Atom-field dynamics in curved spacetime

TL;DR

This paper reviews atom-field interactions in curved spacetime, focusing on quantum radiative and entanglement processes influenced by phenomena like Hawking-Unruh effects and the dynamical Casimir effect, with implications for fundamental physics and quantum information.

Contribution

It reassesses atomic radiative transitions and energy shifts in curved spacetime and discusses entanglement dynamics, including entanglement harvesting, in such geometries.

Findings

Reevaluation of atomic energy level shifts in curved spacetime

Insights into entanglement harvesting in gravitational fields

Discussion of nonthermal effects of acceleration

Abstract

Some aspects of atom-field interactions in curved spacetime are reviewed. Of great interest are quantum radiative and entanglement processes arising out of Rindler and black hole spacetimes, which involve the role of Hawking-Unruh and dynamical Casimir effects.

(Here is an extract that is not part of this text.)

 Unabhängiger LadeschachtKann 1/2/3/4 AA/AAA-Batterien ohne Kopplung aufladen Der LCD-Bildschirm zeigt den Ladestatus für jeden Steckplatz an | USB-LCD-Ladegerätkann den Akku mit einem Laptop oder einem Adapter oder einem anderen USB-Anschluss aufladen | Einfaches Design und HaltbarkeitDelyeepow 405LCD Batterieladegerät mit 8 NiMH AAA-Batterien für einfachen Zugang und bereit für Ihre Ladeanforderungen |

Most of the discussion surrounds the radiative part of interactions. For this, we specifically reassess the conventional understandings of atomic radiative transitions and energy level shifts in curved spacetime. We also briefly outline the status quo of entanglement dynamics study in curved spacetime, and highlight literature related to some novel insights, like entanglement harvesting. On one hand, the study of the role played by spacetime curvature in quantum radiative and informational phenomena has implications for fundamental physics, notably the gravity-quantum interface. In particular, one examines the viability of the Equivalence Principle, which is at the heart of Einstein's general theory of relativity. On the other hand, it can be instructive for manipulating quantum information and light propagation in arbitrary geometries. Some issues related to nonthermal effects of acceleration are also discussed.